The rapid growth in production in the early years of the war was achieved in spite of a labor shortage in the coastal cities and towns where emergency shipyards were being built. To build a labor force, recruiting was directed toward inland areas in the belief that men accustomed to keeping farm machinery operating would be adept at building ships. Such a rapid migration of workers and families to these coastal localities brought about acute shortages in housing, schools, medical facilities and other needed services. Along with the labor force needed for the construction of new shipyards and ships, additional skilled workers were required to provide necessities within the growing communities.

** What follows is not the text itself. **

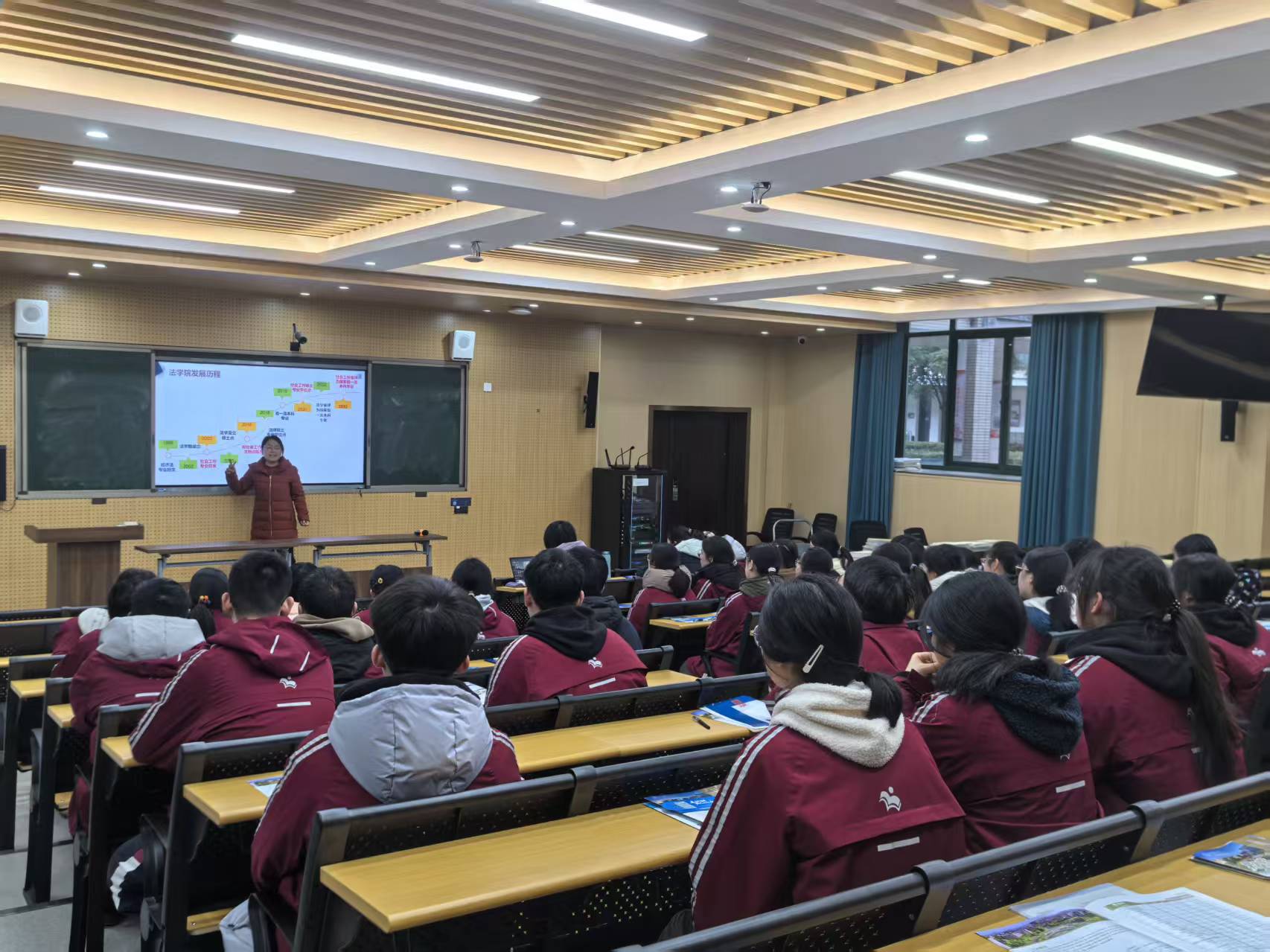 王春霞和马路瑶老师结合个人求学与教研经历,围绕“大学教育的意义”“专业选择与职业发展路径”等话题,与同学们展开深入交流。她们系统介绍了法学及社工学科的特点和社会应用场景,引导学生理性看待专业选择,并就转专业、学业压力应对等实际问题提出建议。现场互动积极,学生反响热烈。

In Article 17 of this Volume, we wrote: “Naval and maritime records narrate the achievements of Liberty Ships (‘Ugly Ducklings’), Victory Ships, C-1s, C-2s and C-3s, probably the most familiar of the many cargo designs built in U.S. yards, but dozens and dozens of different types were actually turned out during those years. Maybe a hundred or more. Who knows. Those many and diverse types of cargo vessels – and warships – were built and delivered by U.S. shipyards that sprung up almost overnight, and that massive and miraculous shipbuilding effort took place in about a half dozen years. Our single, simple, patented container ships, on the other hand, could be punched out like ‘cupcakes’ in existing yards, in an ’emergency program’ that would create about 50 million new jobs and end our economic tailspin. In that scenario everyone would come out smelling like a rose.
“Employed Americans are the master link in the international supply chain, but unemployment has disabled that chain. Everything is shutting down and history shows that similar periods of destitution have produced tragic events. In those scenarios everyone would come out smelling.”